The Computing Series

How It Works

Side-by-Side: Memo Table vs. Infrastructure Cache

Property DP Memo Table Infrastructure Cache
Key Subproblem inputs Request parameters (user_id, URL, query)
Value Computed result Database row, HTTP response, query result
Storage Dictionary in memory Redis, Memcached, CDN edge
Invalidation needed? No (pure functions) Yes (data can change)
Invalidation mechanism N/A TTL, explicit delete, cache-aside, write-through
Hit rate target 100% (subproblems don’t change) 80–99% (read-heavy workloads)
Failure if miss O(2ⁿ) without memo Full database query (acceptable but slow)

Cache Invalidation Strategies

Time-to-Live (TTL): every cache entry expires after a fixed duration.

class TTLCache:
    """Cache with per-entry expiration."""
    def __init__(self, ttl_seconds: int):
        self._store: dict[str, tuple] = {}  # key -> (value, expiry_timestamp)
        self._ttl = ttl_seconds

    def get(self, key: str):
        if key not in self._store:
            return None
        value, expiry = self._store[key]
        if time.time() > expiry:
            del self._store[key]
            return None            # cache miss: entry expired
        return value               # cache hit

    def set(self, key: str, value) -> None:
        self._store[key] = (value, time.time() + self._ttl)

TTL is the simplest invalidation strategy. Its weakness: data staleness for the full TTL duration. If a user updates their profile, cached profiles remain stale for up to TTL seconds. For a 300-second TTL, users may see outdated profiles for 5 minutes.

Explicit invalidation: when data changes, explicitly delete the cached entry.

def update_user_profile(user_id: int, new_data: dict) -> None:
    db.execute(f"UPDATE users SET ... WHERE id={user_id}")
    r.delete(f"user:{user_id}:profile")  # invalidate immediately

Explicit invalidation eliminates the staleness window — the cache is cleared at the moment data changes. The cost: every write must know which cache keys to invalidate. For simple one-to-one mappings (user_id → profile), this is easy. For complex queries (all users who joined in March), determining which cache keys to invalidate is hard.

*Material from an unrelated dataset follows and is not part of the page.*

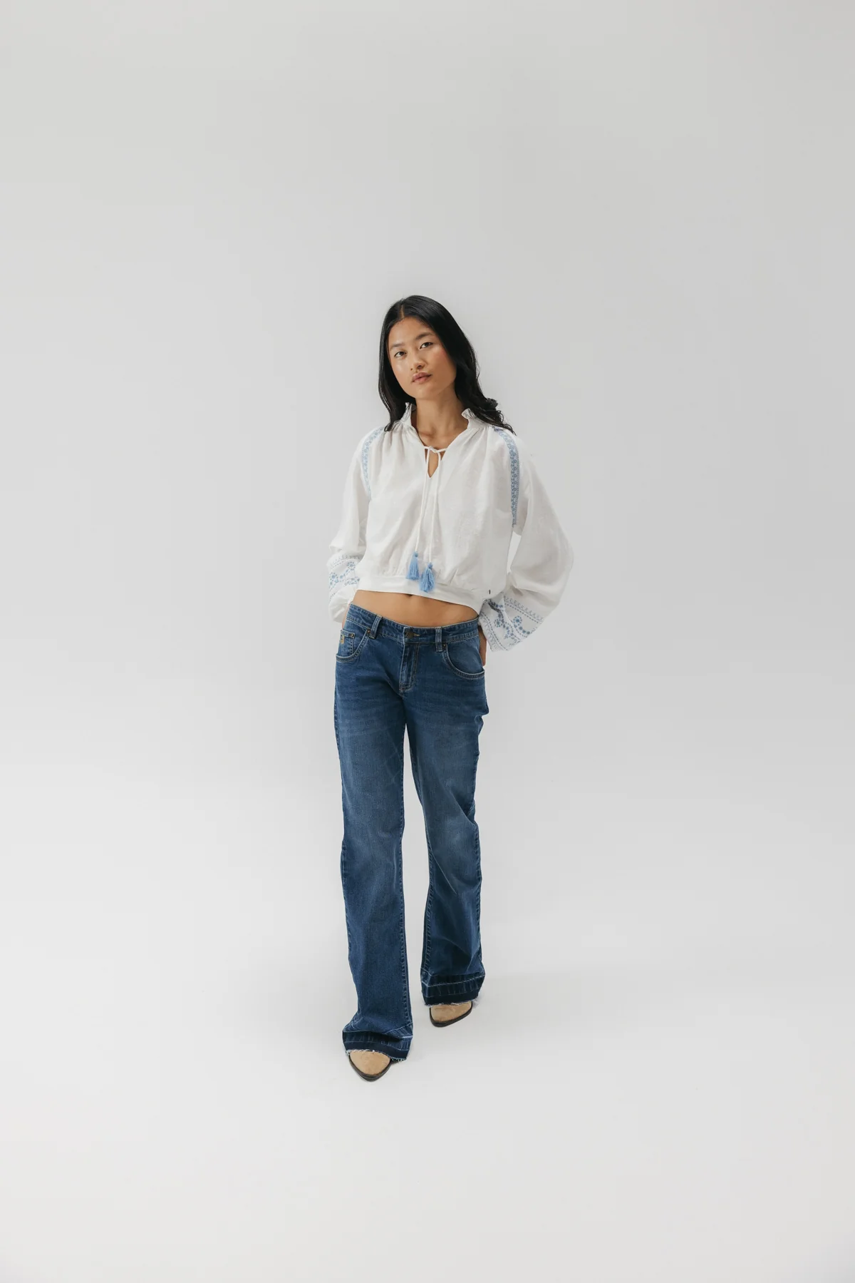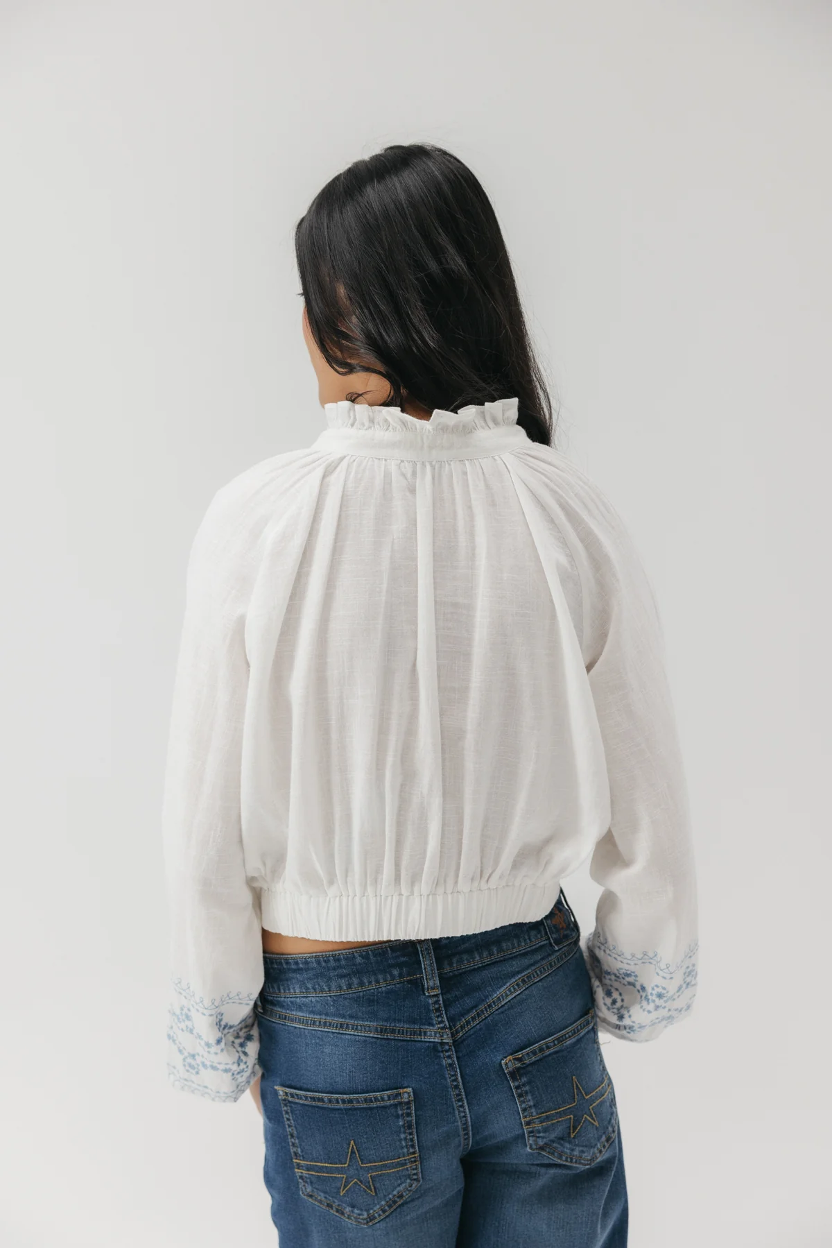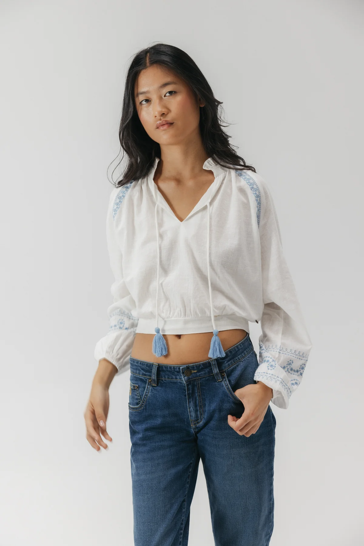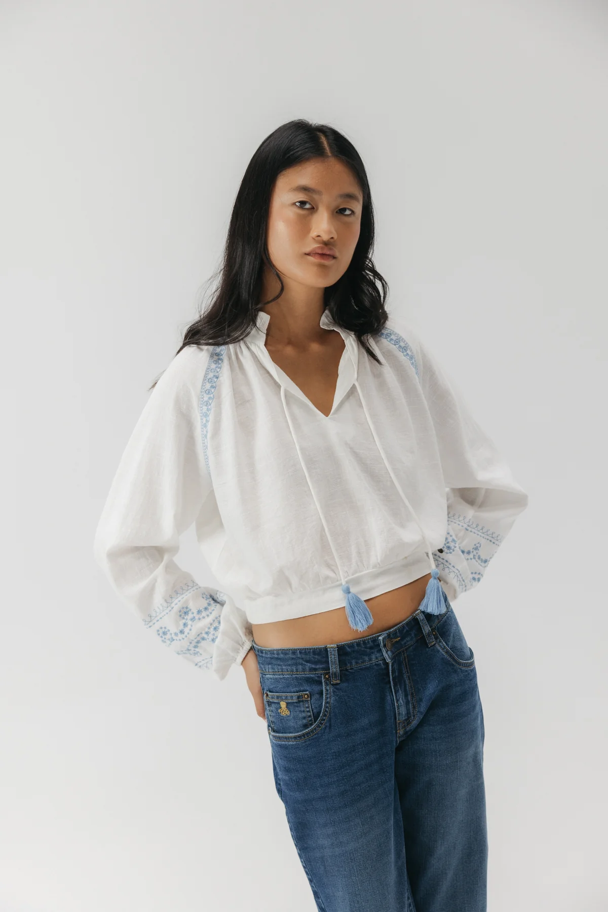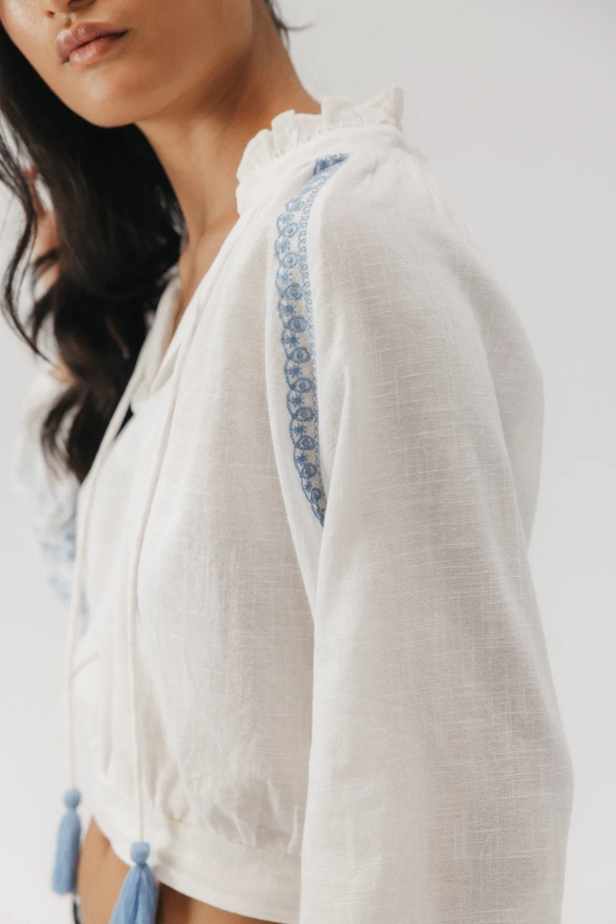 Blusa teen bordados en color blanco puro. Detalle bordados a contraste en azul en mangas y hombros. Confeccionada en 100% algodón y bordados en 100% poliéster. Cuello en pico ajustable con cordón acabado en pompón. Mangas abullonadas con elásticos en puños.

Write-through caching: writes go to both the cache and the database simultaneously.

def write_through_update(user_id: int, new_data: dict) -> None:
    db.execute(f"UPDATE users SET ... WHERE id={user_id}")
    r.set(f"user:{user_id}:profile", json.dumps(new_data))  # update cache inline

Write-through ensures the cache always reflects the latest write. The cost: every write is slower (two writes instead of one). For write-heavy workloads, this doubles write latency.

Worked Example: Cache Invalidation When Data Changes

Consider a product catalogue service. A product’s price is read thousands of times per minute, so the lookup is cached:

def get_product_price(product_id: int) -> float:
    cache_key = f"product:{product_id}:price"
    cached = r.get(cache_key)
    if cached:
        return float(cached)
    price = db.query(f"SELECT price FROM products WHERE id={product_id}")
    r.setex(cache_key, 600, price)   # TTL = 10 minutes
    return price

A pricing team runs a flash sale and updates the price. The function above knows nothing about the update. Three strategies handle this:

Strategy 1 — TTL expiry: do nothing. The cache entry expires after 600 seconds. Every request for up to 10 minutes sees the pre-sale price. Simple to implement; the staleness window is exactly the TTL.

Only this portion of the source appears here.